It’s becoming increasingly popular for employers to make signing an arbitration agreement mandatory for employees. By signing such agreements, employees often waive the right to file a complaint or lawsuit with a court or governing entity. Instead, employees must present complaints before a binding arbitration committee who makes a final decision in the case.
Employers are going to such agreements because it helps cut down on litigation costs and reduces the number of complaints made to certain government entities. However, arbitration agreements can’t stop employees from making complaints or reports to certain agencies, including the Equal Employment Opportunity Commission.
While the EEOC doesn’t file a lot of lawsuits compared to the number of complaints it gets annually, it does seek to protect an employee’s ability to make those complaints.

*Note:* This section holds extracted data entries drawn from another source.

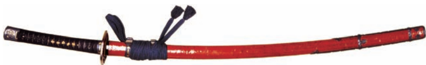
しゅいろかわづつみさやはんだちこしらえ 朱色革包鞘半太刀拵

その中で今回は越前松平家伝来の品を紹介します。大名の指料としてふさわしい、有名刀工の手になる刀や、細密な装飾を凝らした豪華な刀装を、その由緒とともにご紹介します。
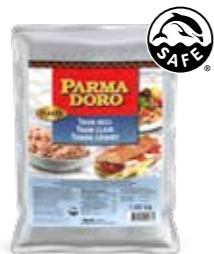
Parmadoro Thon Flakes Yellowfin Öl/Bouillon
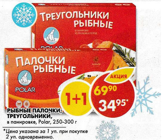
РЫБНЫЕ ПАЛОЧКИ; ТРЕУГОЛЬНИКИ, в панировке, Polar, 250-300 г

*Цена указана за 1 уп. при покупке 2 уп. одновременно.
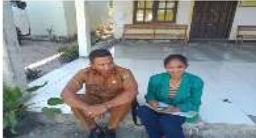
Gambar 5.1 wawancara bersama bapak kepala desa
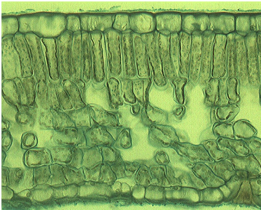
Blattquerschnitt eines Laubblattes (Mikroskopisches Foto)
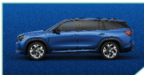
Race Blue - 500 €
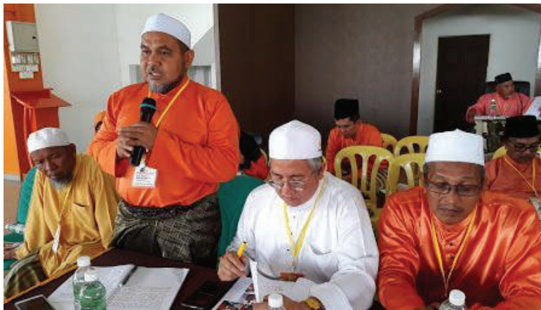
Naib Pengerusi AMANAH Kelantan sedang membentangkan usul di konvensyen AMANAH Kelantan kali ke-2 di Kota Bharu.

Sebab itu katanya pihak pimpinan perlu segera mengadakan tatacara yang jelas bagaimana perkara
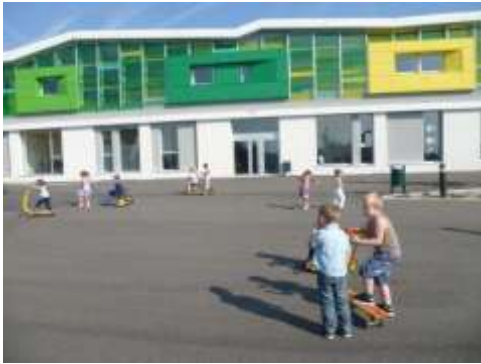
L'école primaire intercommunale « Les Vergers » de Kriegsheim-Rottelsheim

« Nous avons opté pour l'installation d'une pompe à chaleur géothermique car nous souhaitions choisir une énergie propre, peu onéreuse, facile d'entretien. La solution retenue nous convient tout à fait car les sondes ont a priori une longue durée de vie (50 ans environ) et demandent peu d'entretien. L'investissement financier reste conséquent et la mobilisation du Fonds Chaleur géré par l'ADEME a été un élément majeur dans notre décision finale ».
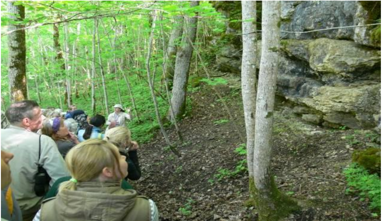
Joonis 25. Salevere maastikuline omapära
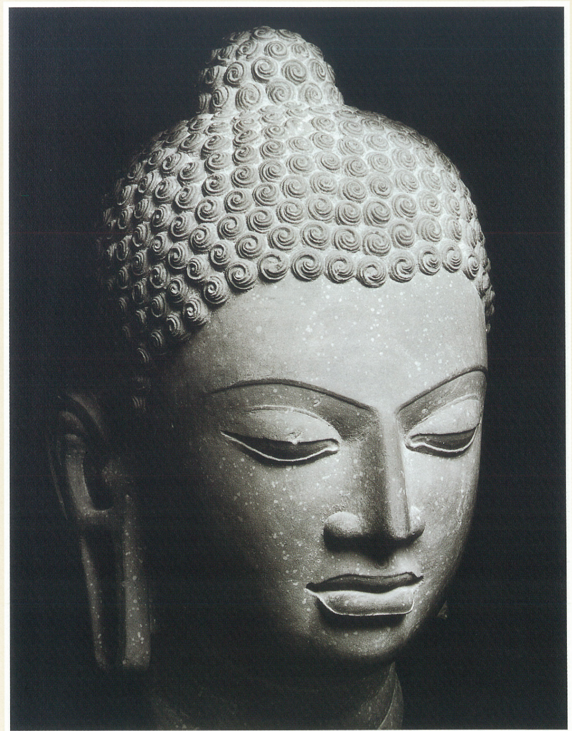
(10) 仏 頭 (5 世紀中期)
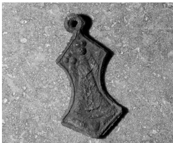
Медальйон хлопчика, похованого тут

Зліва в кутку можна побачити кістницю, яку капуцини побудували в 90-х роках 20 століття. Останки покійних, тіла яких з часом розклалися, також помістили у закриту труну поруч з кістницею.
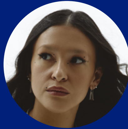
ЕКАТЕРИНА МАНОЙЛО Российская писательница и литературный обозреватель, автор романа «Отец смотрит на запад»
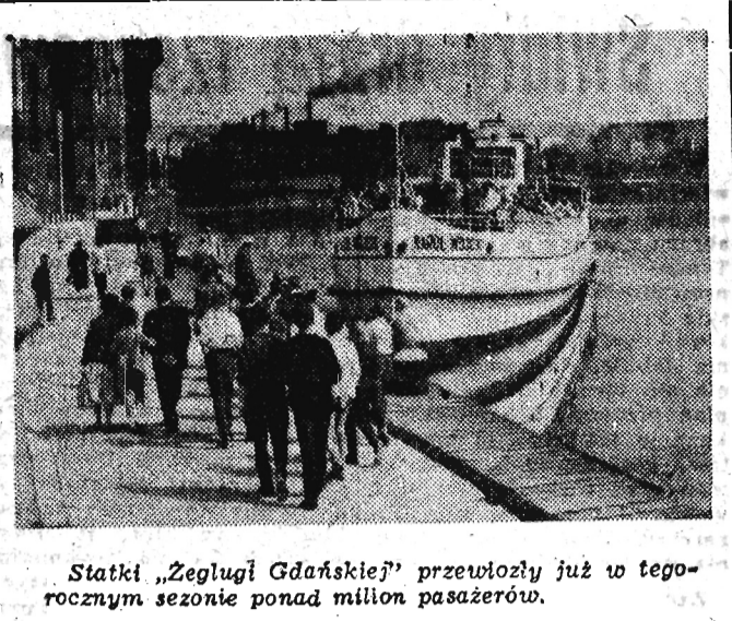
Statki „Zegluga Gdańskiej” przewoziły już w tegorocznym sezonie ponad milion pasażerów.
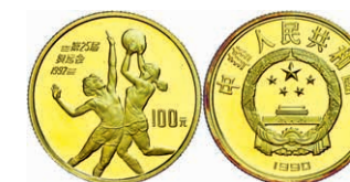
225 100 Yuan, Gold, 1990, Basketball, kl. Flecken, PP. 280,—
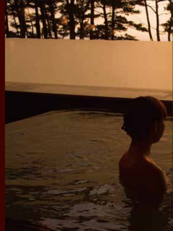
日本海の夕陽に染まる贅沢な時間
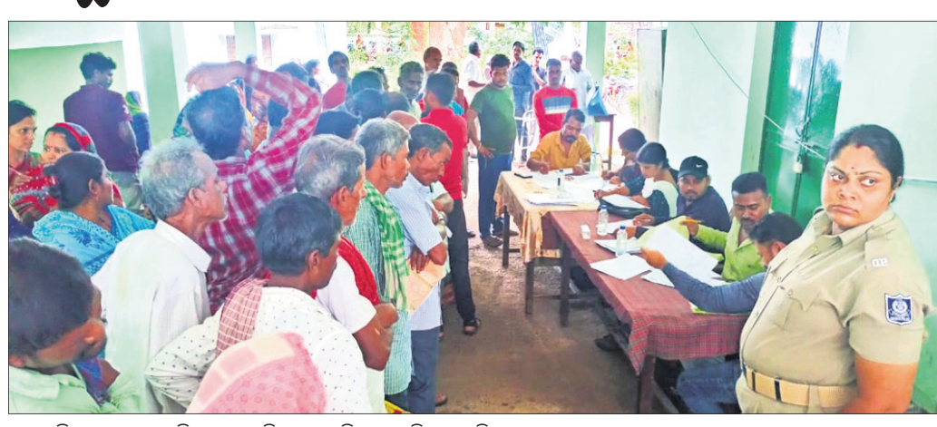
ପ୍ରଶାସନିକ ଅଧିକାରୀଙ୍କ ନିକଟରେ ଅଭିଯୋଗ କରିବାକୁ ଆସିଥିବା ଅଭିଯୋଗକାରୀମାନେ।

ଖଣ୍ଡପଡ଼ା, ୧୭୭୭ (ଅକ୍ଷୟ କୁମାର ମହାରଣା) ନୟାଗଡ଼ ଜିଲ୍ଲା ପ୍ରଶାସନ ସମ୍ବନ୍ଧୀୟ ଖଣ୍ଡପଡ଼ା ରୁକ୍ମ ସମ୍ମିଳନୀ କକ୍ଷରେ ଯୋଜନା କରାଯାଇଥିବା ଏକ ଜନଶୁଣାଣି ଚଳିଥିଲା।
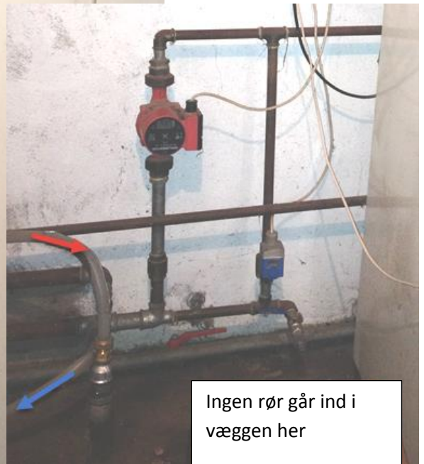
Ingen rør går ind i væggen her
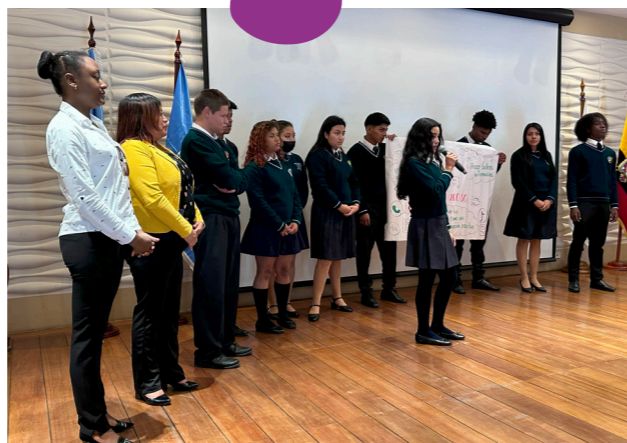
Presentación en plenaria de la UE Luz y Vida

Gracias a los aportes de las Unidades educativas presentes, este conversatorio ha sido un llamado a unirnos para juntos generar una sana convivencia escolar, dentro y fuera del aula.
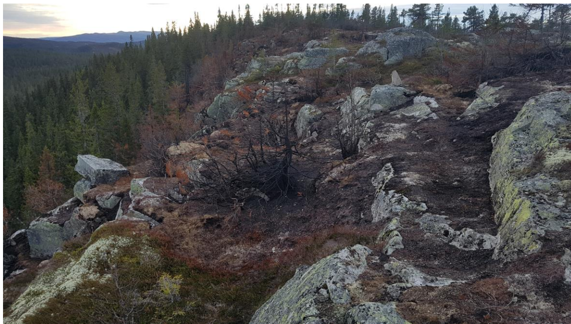
Brannflate sett fra nord mot sør.
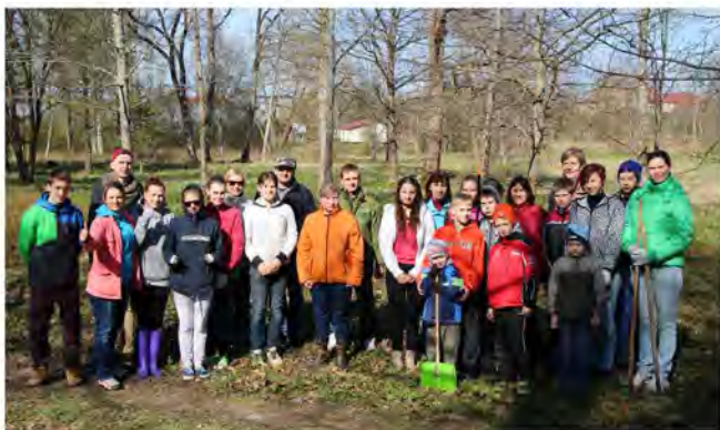
Visi talcinieki pirms darba

Kalsnavas pagastā dzīvo 1880 iedzīvotāji, kuriem ir svarīga pagasta turpmākā pastāvēšana, tā attīstība. To pavisam noteikti pierāda Lielā talka, kas notika 25. aprīlī un kuras ietvarā Kalsnavas pagasta darbīgie ļaudis sakopa parka teritoriju.
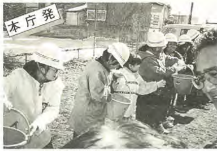
声を掛け合い、素早くリレー

阪神・淡路大震災後、市内各地域で防災意識が高まり、次々と自主防災組織が結成されています。
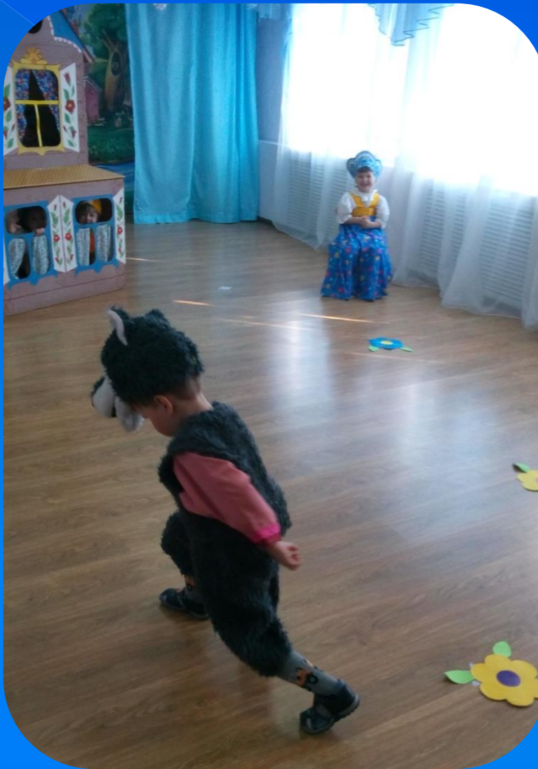
Идет волк - зубами щёлк...

A recent report states that the EEOC has filed suit against Doherty Enterprises, which is a corporation managing chains such as Panera Bread. According to the complaint, the company has an arbitration agreement that does not include a carve-out for EEOC-related reports.
The lawsuit is still pending, but the court has ruled that the EEOC has standing to file the case, which could be a problem for other companies. Experts are advising companies to ensure mandatory arbitration agreements don’t block employees from making reports to the EEOC.
When dealing with any type of employment dispute–or tool to manage those disputes–companies should seek experienced advice. It’s important to deal with issues in a legal and timely way, but organizations must also understand the legal implications of actions for the future. Sometimes, a one-sized-fits-all approach isn’t the best answer.